Sallam: ThoughtSpot has been truly an innovator and leader in NLP-based, search-based analytics as well as augmented analytics. They were able to carve out a pretty impressive niche and differentiator around those innovations that allow regular business people to ask very complex questions on their data at scale. Because of their early innovation around essentially the future user experience -- we're calling it augmented analytics, a user experience that enables the augmented consumer -- and because they were early in investing and in delivering those innovations and the market positively responded to those innovations, we saw the rest of the market, including the other Leaders, begin to imitate those innovations.

We see some differentiation from Looker. Looker is differentiated by its optimizations with cloud data sources, with its agile semantic model that allows companies to deliver enterprise reporting and analytics at scale on very large data. For companies that have gone all-in on the cloud for data management, Looker is absolutely differentiated. But ThoughtSpot delivered the combination of innovation as well as momentum.

Is that sustainable?

Sallam: The rest of the market now has begun to imitate them, and I would say that the innovation gap between them and the rest of the market may narrow over time as all of the Leaders and the rest of the market is also investing in augmented analytics, in natural language processing and conversational interfaces as a way to deliver more powerful insights to a broader range of users.

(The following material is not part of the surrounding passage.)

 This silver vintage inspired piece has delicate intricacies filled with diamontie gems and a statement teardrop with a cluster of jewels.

While the four Leaders are clearly offering top analytics platforms, who are a few vendors whose platforms showed the greatest improvement over the past year?

Sallam: Two vendors probably stand out for their delivery and the innovation in their platforms. Both Oracle and Yellowfin moved from the Niche Quadrant into the Visionaries Quadrant, largely because of their innovations around augmented analytics, being able to deliver next-generation, AI, machine learning, automated experiences.

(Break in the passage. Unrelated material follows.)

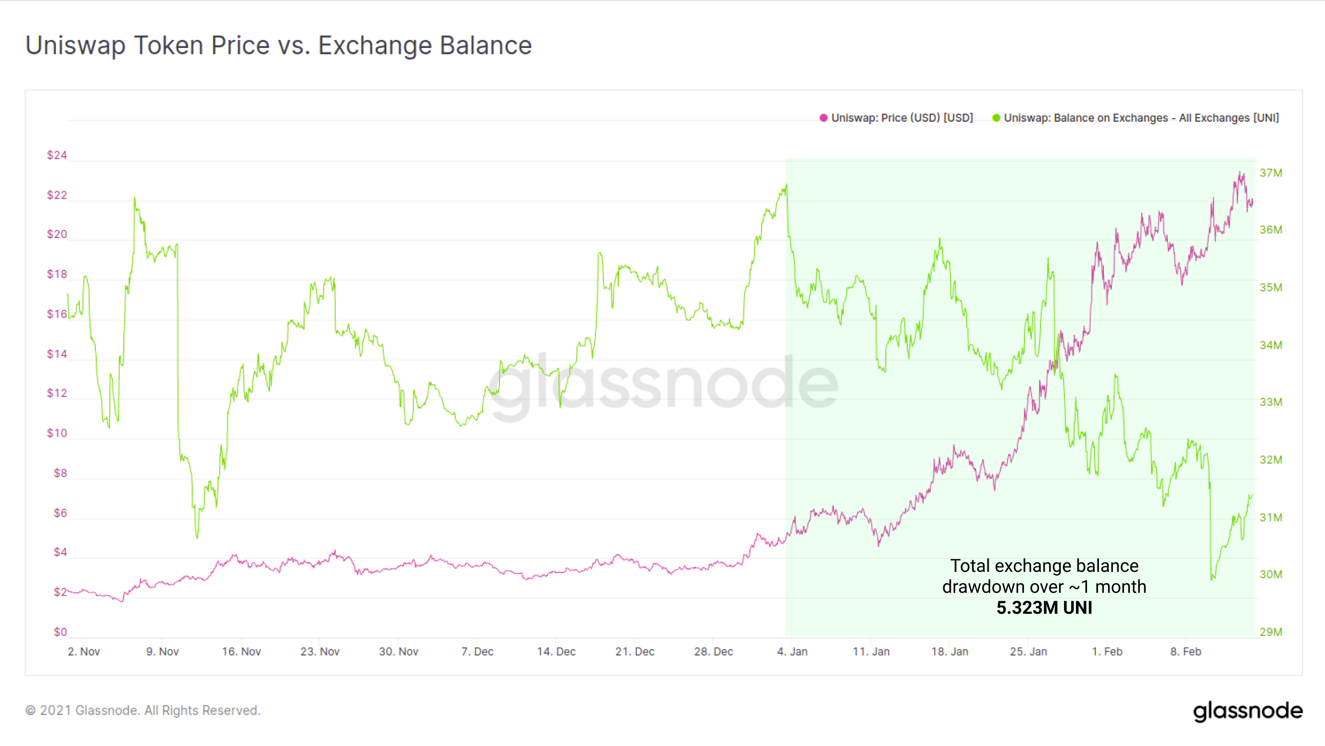 Another asset which has seen significant positive price performance, alongside a drawdown in exchange balances, is the Uniswap Token (UNI). After exchange balances peaked at 36.86M UNI in early January, a 10% outflow of 5.323M UNI tokens has occurred, supporting a price rally from $6.33 to over $23.26 (a 367% gain).

Oracle has some differentiators not only within their web-based product but also in their mobile product, Day by Day. Yellowfin has delivered innovations around Signals, a business activity monitoring innovation where dynamic insights are automatically delivered to users rather than them first having to start in a predefined dashboard. Yellowfin is really delivering what will likely be a key part of all user experiences in the next three to five years, replacing in many ways the static, predefined dashboards.  

What about a couple of vendors whose platforms slipped over the past year relative to the rest of the market, and which maybe got passed by because they didn't react quickly to new trends and features?

Sallam: I would say most of the others remained pretty much the same. One other that had some improvement is Tibco, which moved from Visionary to Challenger largely on the strength of its product and some better execution measures on customer experience and operations that we look at.

Who probably dropped a bit would be Birst. Birst, at one point, was higher up on the Niche Quadrant prior to its acquisition by Infor. Acquisitions often come with some disruption in the customer base. There are changes in things like support and the way that product development is managed. Support is one of those areas where keeping people in the position longer results in better support because the more experienced people are, the better they are able to deliver high-quality support. When acquisitions happen those functions tend to be disrupted the most, so we do see Birst suffering some losses in terms of the customer experience, particularly around support.

Editor's Note: This interview has been edited for clarity and conciseness.